GST Reforms vs US Tariffs: India Aims to Achieve Balance

GST reforms aim to ease the impact on the Indian economy. This impact would result from 50% US tariffs on exports. Still, that’s a delicate balance to strike. US Tariffs on any has forced finance ministry to bring forth India’s biggest tax overhaul since 2017. That’s set to shape the country’s GDP growth, its inflation trajectory and fiscal deficit for years to come.

In essence, GST reforms are a cushion to the blow. The Indian economy would take this blow due to Trump’s tariff tirades over the purchase of Russian oil. SBI Chief Economist Soumya Kanti Ghosh told Reuters, “The consumption boost from the GST rate rationalisation will be significant. It will more than neutralise any possible revenue impact.” “The impact on fiscal deficit will be almost insignificant or even positive.”

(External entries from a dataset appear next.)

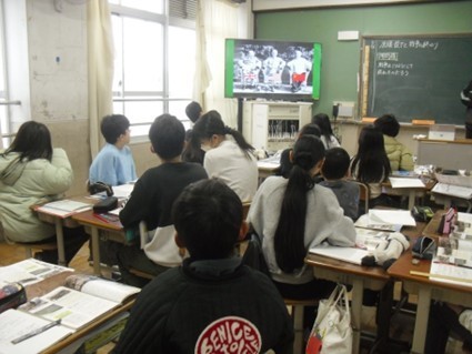社会科では「原爆投下と戦争の終わり」について学習しています。資料や動画をもとに、戦争がどのように終わっていったのかを考えています。
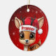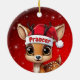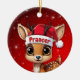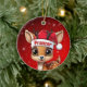 Prancer! Celebrate the holiday season with this festive round ceramic red ornament featuring an endearing woodland forest animal cartoon graphic of a cute baby reindeer wearing a Santa hat. Perfect deer with antlers for decorating your tree or as a thoughtful gift, this whimsical doe decor makes a cherished keepsake for years to come. Customize by changing the text, the font, the font color, or remove the text. You can even transfer this design onto other products. Enjoy this design your way! Check out ForestBabies Xmas Deer Collection for matching decorations. 🎄🦌
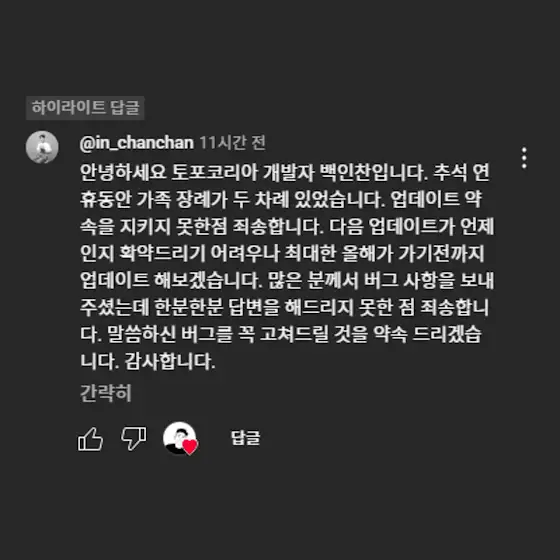업데이트 약속을 지키지 못한 점에 대해
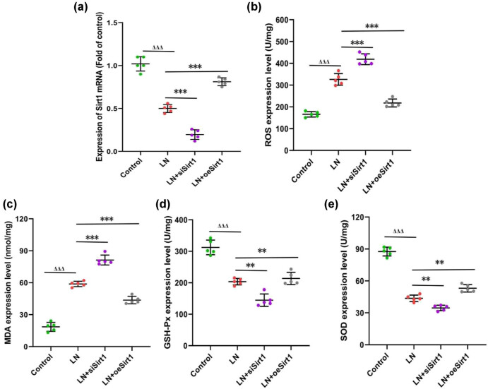 图3. Sirt1抑制肾小球系膜细胞(GMCs)中的氧化应激(a) 不同实验组中Sirt1的表达;(b) GMCs中活性氧(ROS)的水平;(c) 丙二醛(MDA)的水平;(d) 谷胱甘肽过氧化物酶(GSH-Px)的水平;(e) 超氧化物歧化酶(SOD)的水平。与对照组相比,ΔΔΔ 表示 P < 0.001;与LN组相比,**表示 P < 0.01,***表示 P < 0.001。GMCs:人肾小球系膜细胞;ROS:活性氧;MDA:丙二醛;GSH-Px:谷胱甘肽过氧化物酶;SOD:超氧化物歧化酶。
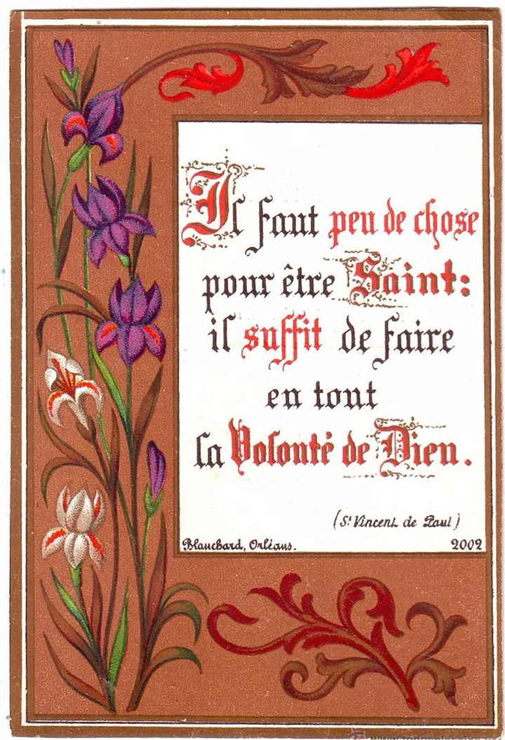 Text: It takes little to be a saint. It suffices to do will Will of God in everything.
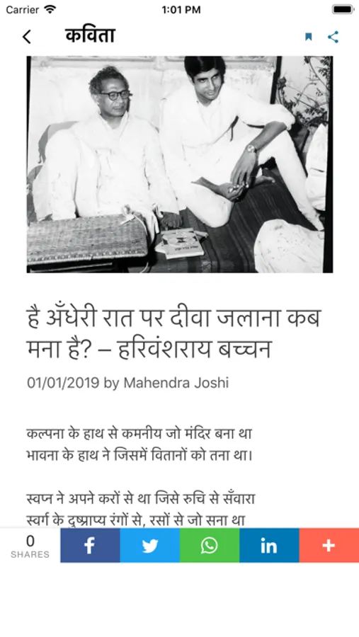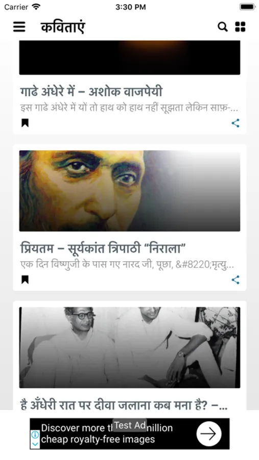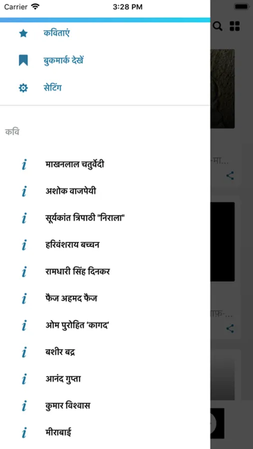 Kavyadhara is an app for Hindi Kavita (Poetry) and poem Lovers. This app contains poems from well-known & famous names of Hindi Poetry.
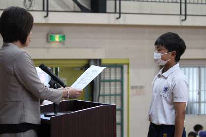 始業式の前には、認証式を行い、学級代表や委員会の委員長の認証を行いました。
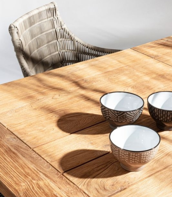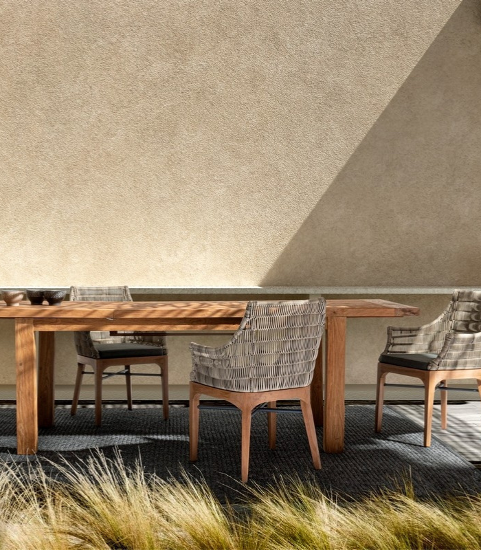 The PROCIDA table redefines sustainable luxury in outdoor furniture. Crafted from SVLK-certified reclaimed teak, this piece features an impressive 4 cm thick top and a rustic aesthetic that celebrates the nobility of the wood. Equipped with a central butterfly extension and aluminum glides, it offers unparalleled versatility for hosting guests in exclusive villas and residences. Each table is unique, showcasing natural marks and imperfections that tell the story of a timeless, highly durable material.

GST Reforms will boost GDP

Ghosh had previously pointed out that GST reforms alone can add 60 basis points to India’s GDP print. This increase will happen over the next 12 months. This contrasts with US tariffs that can dent growth by up to 1 percentage point over time. This information was reported by Reuters on 21 August citing an MUFG analysis. One basis point is one-hundredth of a percentage point.

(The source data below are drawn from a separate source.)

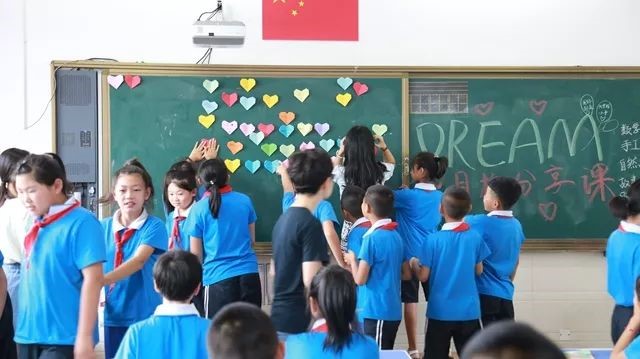 这是支教团在营城子中心校的最后一天。支教团的队员们都表示,时间过的太快,转眼就要离开,此行,短暂而难忘,一定要上好最后一天的课。这一天的最后一堂课是目标分享课,队员先让孩子们在之前折的手工课作品上写下自己的优缺点,写下自己长大以后想做什么,然后与大家分享。孩子们的梦想有科学家、航天员、老师、主持人、演说家等等,那模样可真像支教队员们小时候的自己。队长赵玉冰也写下了自己的愿望:希望孩子们的梦想都成真。同学们一起喊出了自己的梦想,并把承载梦想的那张纸粘在黑板上,最后所有人在梦想黑板前合影留念。经过这些天的相处,支教队员们早已融入孩子们之中。看到他们可爱的笑容,一切尽在不言中。
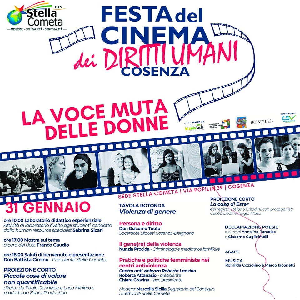 L’associazione Stella Cometa di Cosenza organizza la Festa del cinema dei diritti umani declinato sul tema della voce muta delle donne.
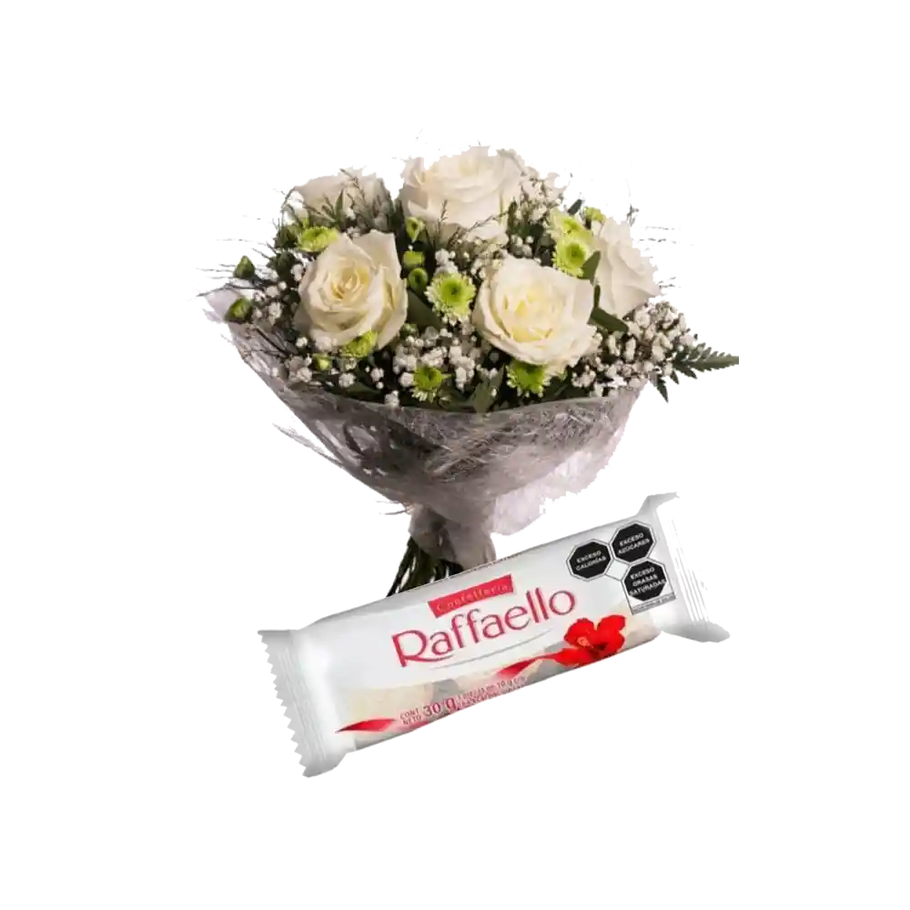 Hermoso ramo envuelto en papel y cinta con 6 rosas importadas en color blanco más bombones Raffaello de 3 unidades.

“Lower GST rates will be positive for growth in the second half of the year.” This was stated by DBS Group Research’s Senior Economist Radhika Rao in a note. She added that changes will also expand the size of the formal economy.

The GST rate cuts are expected to put more disposable income in the hands of consumers. This is intended to lift consumption, which accounts for 60% of India’s GDP. According to Revenue Secretary Arvind Shrivastava, the changes will have a net impact of ₹48,000 crore on revenues. However, they will be fiscally sustainable.

Also read: Simplified GST Ahead: Two-Slab Tax Model to Benefit Common Man, Farmers & MSMEs

GST Reforms aims to push consumption

Economists expect this tax relief to deliver a consumption push, with Reuters estimating the move could shave up to 1.1 percentage points off CPI inflation. Lower prices typically spur real consumption, and analysts project 30-70 bps boost to GDP growth in FY26. Sectors such as autos, cement, and consumer durables are seen benefiting most.

On the flip side, the rate cuts mean a direct revenue loss of around ₹48,000 crore, about 0.13% of the gross domestic product. While higher GST buoyancy—monthly collections have been averaging ₹1.8-1.95 lakh crore—could offset part of this, the fiscal math will tighten in the short term.

Without spending cuts or efficiency gains, the fiscal deficit could widen from the budget target of 4.4% to 4.5-4.6% of GDP.

US Tariffs to Impact Exports, Rupee

The US is India’s largest export destination, with shipments worth $80-87 billion in FY25, or about 2-2.5% of GDP. Citigroup Inc. estimates that the combined 50% US tariff poses a 60-80 bps downside risk to India’s annual GDP growth.

The rupee has already come under pressure, sliding to record lows on fears of export losses and capital outflows. A weaker currency raises import costs, particularly for crude oil and electronics inputs, adding 10-30 bps to retail inflation.

Taken together, the GST reforms and US tariffs pull the economy in opposite directions. GST rate cuts add to demand, while tariffs sap exports and weaken the rupee. It’s worth noting here that India’s GDP growth rate rose to highest in at least a year to 7.8% in April-June 2025. That was before US tariffs took effect and GST reforms were announced.

GST Reforms to have Positive Impact

Finance Minister Nirmala Sitharaman assured that the GST reforms were not influenced by the tariff turmoil. She said they will have a “very positive” impact on India’s GDP. “We believe GST is not a static situation—when rates come down, buoyancy goes up,” Revenue Secretary Shrivastava said. “We expect people to come out and buy more when taxes are reduced.”

If India can ride out the export shock while boosting consumption through GST reforms, it could emerge stronger. In the short run, policymakers must support consumption. They also need to manage the currency. Additionally, they have to keep the fiscal roadmap credible.